In this study, there is a highly significant reduction in fasting glucose level after 6 and 12 weeks of cinnamon use indicating the good glucose lowering effect of cinnamon powder while in placebo group there is no reduction a result which corroborate cinnamon effect. Many studies investigated the mechanism(s) of cinnamon as hypoglycemic agents, as reviewed by Medagama (2015); it may be due to its action at different levels of the insulin-signaling pathway [26]. Besides its action on insulin receptor phosphorylation and translocation of glucose transporter GLUT4 to the plasma membrane as mentioned above, studies showed that cinnamon administration increases the level glucagon-like peptide 1 [27,28]. Furthermore, cinnamon may increase the expression of PPAR and increasing insulin sensitivity [13]; Adisakwattana et al., showed that cinnamon may be useful for the control of blood glucose level in diabetic patients through inhibition of intestinal a-glucosidase [14]; Anand et al. demonstrated that cinnamon inhibits gluconeogenesis and stimulate glycogen synthesis thus, improving glucose metabolism [29]; finally, cinnamon may delay the gastric emptying and caused reduction in post-prandial blood glucose [15].

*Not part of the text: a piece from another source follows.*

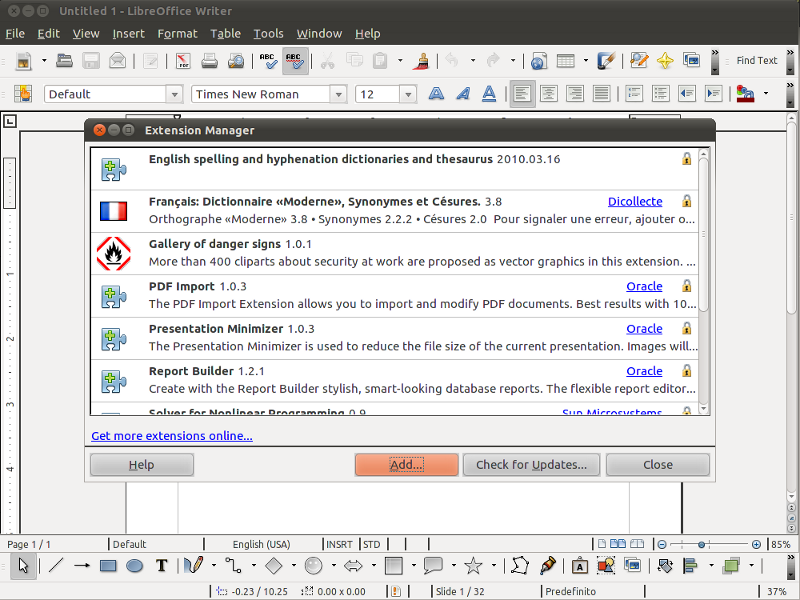 Impressum (Rechtliche Hinweise) | Datenschutzerklärung (Datenschutz-Bestimmungen) | Statutes (non-binding English translation) - Satzung (binding German version) | Copyright information: Unless otherwise specified, all text and images on this website are licensed under the Creative Commons Attribution-Share Alike 3.0 License. This does not include the source code of LibreOffice, which is licensed under the Mozilla Public License v2.0. “LibreOffice” and “The Document Foundation” are registered trademarks of their corresponding registered owners or are in actual use as trademarks in one or more countries. Their respective logos and icons are also subject to international copyright laws. Use thereof is explained in our trademark policy. LibreOffice was based on OpenOffice.org.
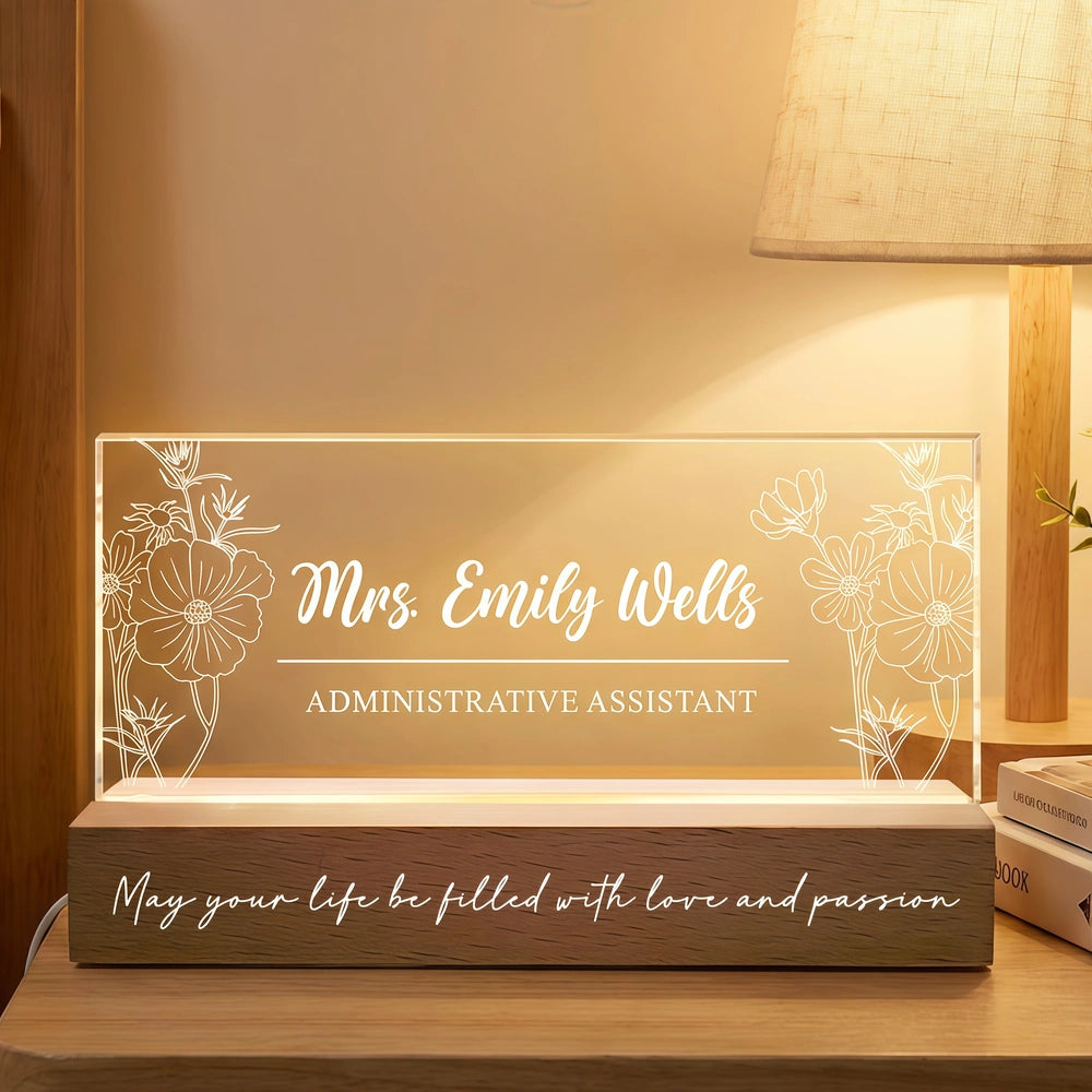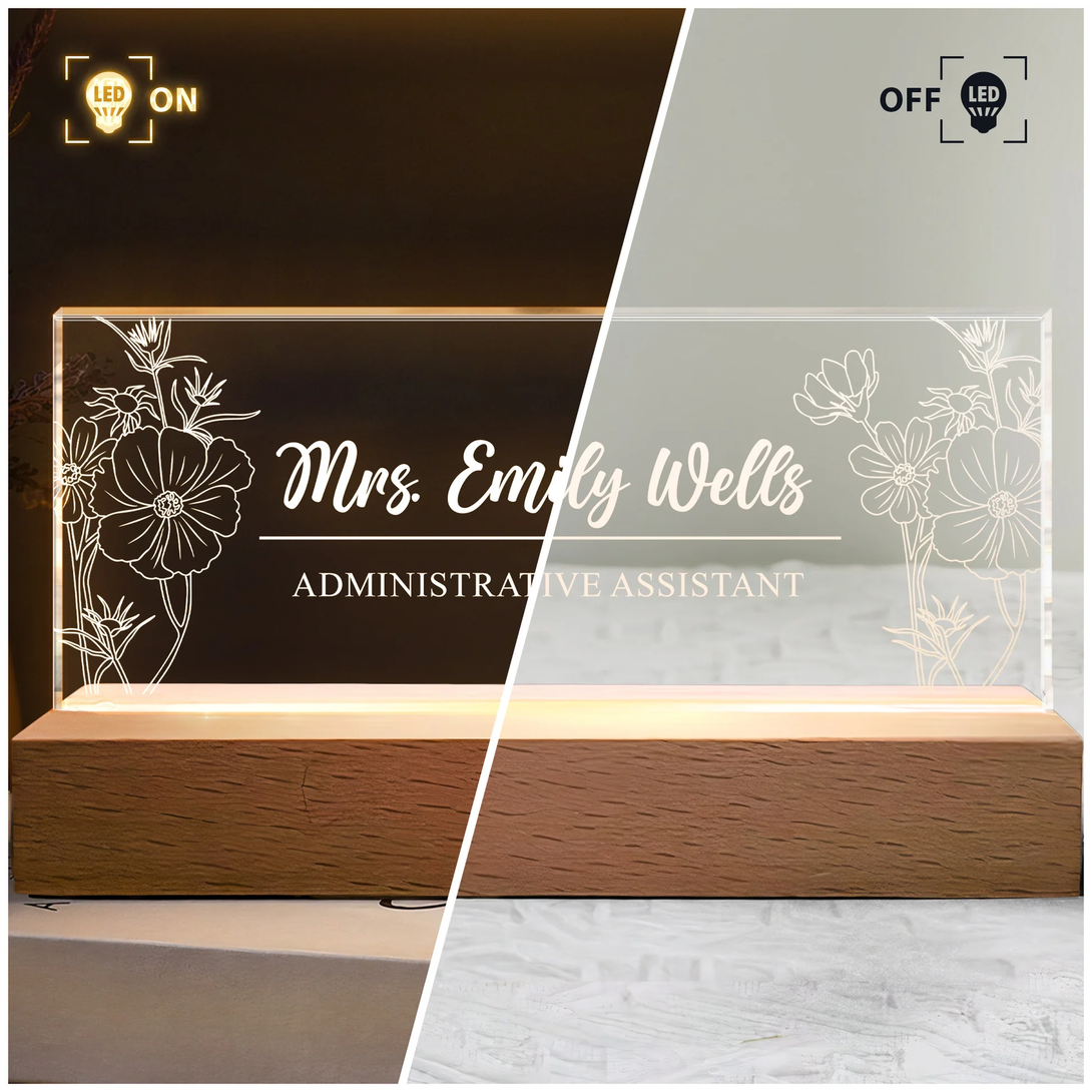 Personalized Block LED Light Plaque Desk Name Sign with Floral Design – Warm Office Night Light & Unique Gift for Coworkers or Boss

Oxidative stress is one of the important factors in diabetes that plays an important role in vascular complications [30], evaluation of such changes markers may enable to determine the optimum time of targeting these changes. Nowadays, natural antioxidants are considered the preferred choice for the replacement of synthetic ones; these natural antioxidants can be formulated as food stuffs and can help prevent oxidative damage occur due to many diseases including type 2 DM [31]. It has been found that polyphenols, the natural dietary antioxidants found in cinnamon have been shown to reduce oxidative stress in a dose-dependent manner. Specific antioxidant phytochemicals that have been identified in cinnamon include epicatechin, camphene, eugenol, gamma-terpinene, phenol, salicylic acid, and tannins [10].

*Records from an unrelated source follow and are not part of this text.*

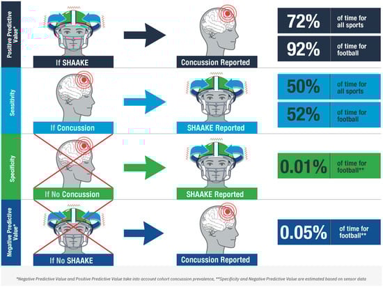 Our data demonstrate that for self-reported suspected concussion, SHAAKE has a positive predictive value of 72.4%; nearly three-quarters of the time athletes reported a SHAAKE, they said it was associated with a concussion. Using estimates of head impacts based on helmet sensor data, we were able to calculate additional parameters for football players, over 90% of the times football players reported a SHAAKE, they said it was associated with a concussion. Unsurprisingly, the majority of football collisions were not associated with concussions or SHAAKEs, resulting in a very high estimated specificity and estimated negative predictive value for the use of SHAAKE in the diagnosis of concussion for football.
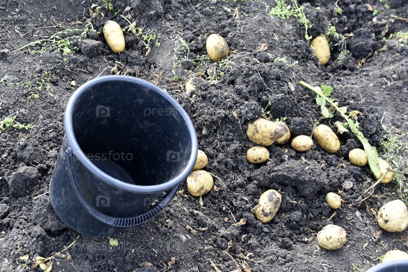 Копание картофеля, ведра с картофелем в поле, желтые клубни
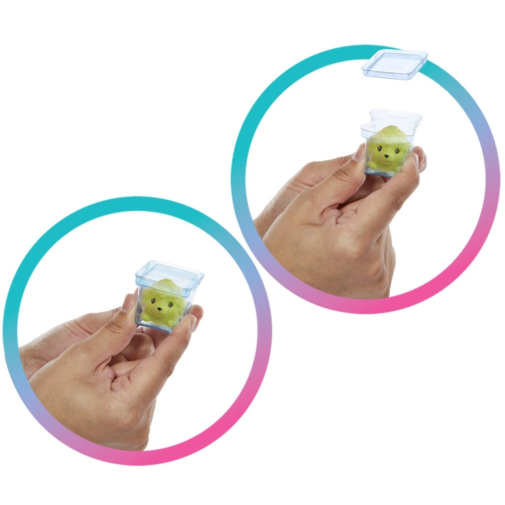 Lutke Barbie Pop Reveal Bubble Tea donose razigrano raspakiravanje korak po korak: odvijte poklopac s obojenim slimeom, probušite foliju slamkom i otkrijte lutku s blagim mirisom bubble tea napitka. Svako pakiranje skriva tematske elemente inspirirane omiljenim okusima – od mliječnog čaja preko voćnog užitka do zelenog čaja i mangovih kolačića.
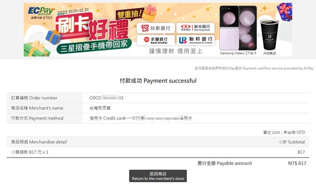 標題是付款成功
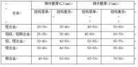 各種壓鑄合金常用比壓表
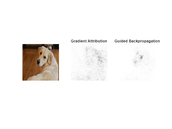 The maps show which areas of the image are important to the classification. Red areas of the map have a higher importance—an image lacking these areas would have a lower score for the specified class. For the golden retriever class, the network focuses on the dog's head and ear to make its prediction. For the Labrador retriever class, the network is more focused on the dog's nose and eyes, rather than the ear. While both maps highlight the dog's forehead, for the network, the dog's ear and neck indicate the golden retriever class, while the dog's eyes indicate the Labrador retriever class.
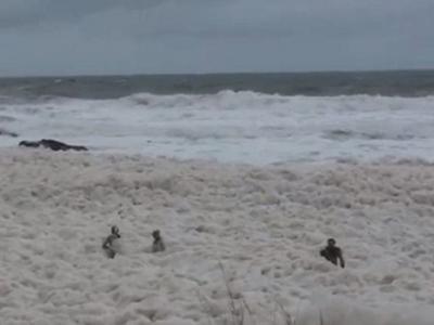 澳大利亚海滩现海浪泡沫奇观 澳大利亚海滩现海浪泡沫奇观 澳大利亚海滩现海...
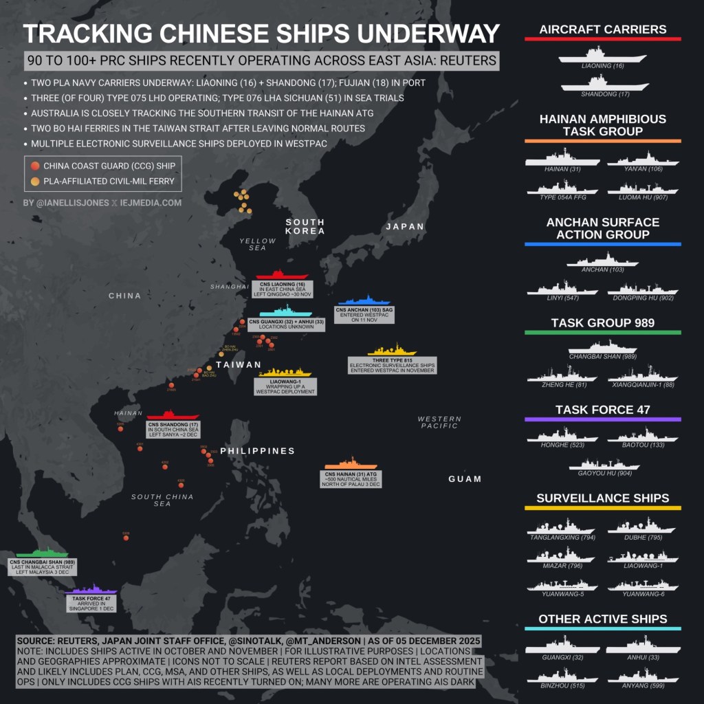 According to Adm. David Johnson, chief of Australia’s defense force “We are aware the task group is composed of four ships, a Yushen landing helicopter dock assault, a Renhai-class cruiser, a Jiangkai-class frigate and Fuchi-class replenishment vessel, an Australian P-8 observed the task group on the evening of the second of December in the Philippine Sea, approximately 500 nautical miles north of Palau,”
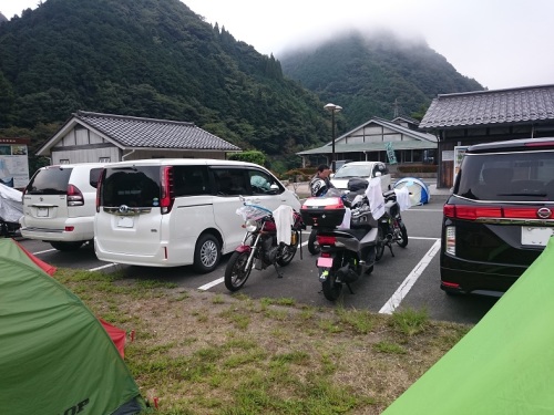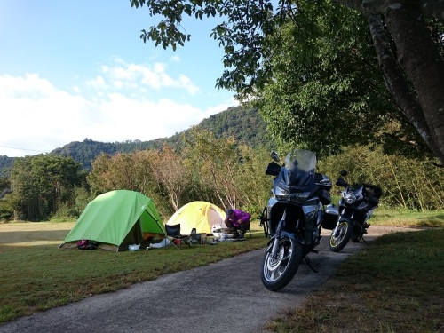 気候も良く気持ちの良い朝キャンプ場の海辺は綺麗なウッドデッキで朝日が綺麗楽しかったとびしま海道を走ってフェリーで今治へ。フェリーも気持ちよい今治から寒風山のUFOラインに向かう途中レッドバロンで休憩。中古車を見ていると友達が女の子に営業している何やら大型免許を取ってバイクが欲しいが何が良いのかわからないらしいがそんなことは自分で決めなさい!彼氏も欲しいらしいが、バイクに乗れば機会も増えるので大丈夫!でもね、結婚は人生の幸せとは限らないといらんことを言ってしまった馬鹿な営業ごっこも終わりUFOラインに到着。霧で真っ白・・・UFOラインは全線開通しています今夜の宿は千本高原キャンプ場。ここも無料です買い出しのお店まで3キロ。温泉までは7キロと便利な場所です。広いサイト綺麗な炊事棟綺麗なトイレ楽しいキャンプツーリングも終わり。荷物を片付けると雨が・・・自宅まで100キロなので帰りだけが雨なら問題なし。バイクはホント楽しいですね

Rao and Gan reviewed the antioxidant effects of cinnamon; they reported that cinnamon increased GSH level, also increase the activity of SOD [32]. In recent study, and Saifan showed that administration of cinnamon aqueous extract to obese diabetic rat resulted in improvement of activity of tissue antioxidant enzymes [33]. Finally, Roussel et al. show that administration of 250 mg of an aqueous extract of cinnamon 2 times per day for 12 weeks to subjects with impaired fasting blood glucose resulted in increasing the level of plasma thiol group while plasma MDA level decreased compared to that of placebo, they found that antioxidant effects were larger after 12 than 6 weeks [34]. The results obtained in this study showed that there is significant improvement in oxidative stress markers after 6 weeks, while highly significant increase in GSH level of diabetic patients after 12 weeks of cinnamon administration, at the same time, plasma MDA level highly significantly decreased after 12 weeks indicating the antioxidant effect of cinnamon in time-dependent manner.

CONCLUSION

In conclusion, administration of 1 g of cinnamon powder for 12 weeks reduces fasting blood glucose and glycosylated Hb among poorly controlled type 2 diabetes patients, as well as, increase the level of serum glutathione and SOD while reduces serum level of MDA, indicating the beneficial effect of adjuvant cinnamon as antidiabetic and antioxidant along with conventional medications to treat poorly controlled T2DM.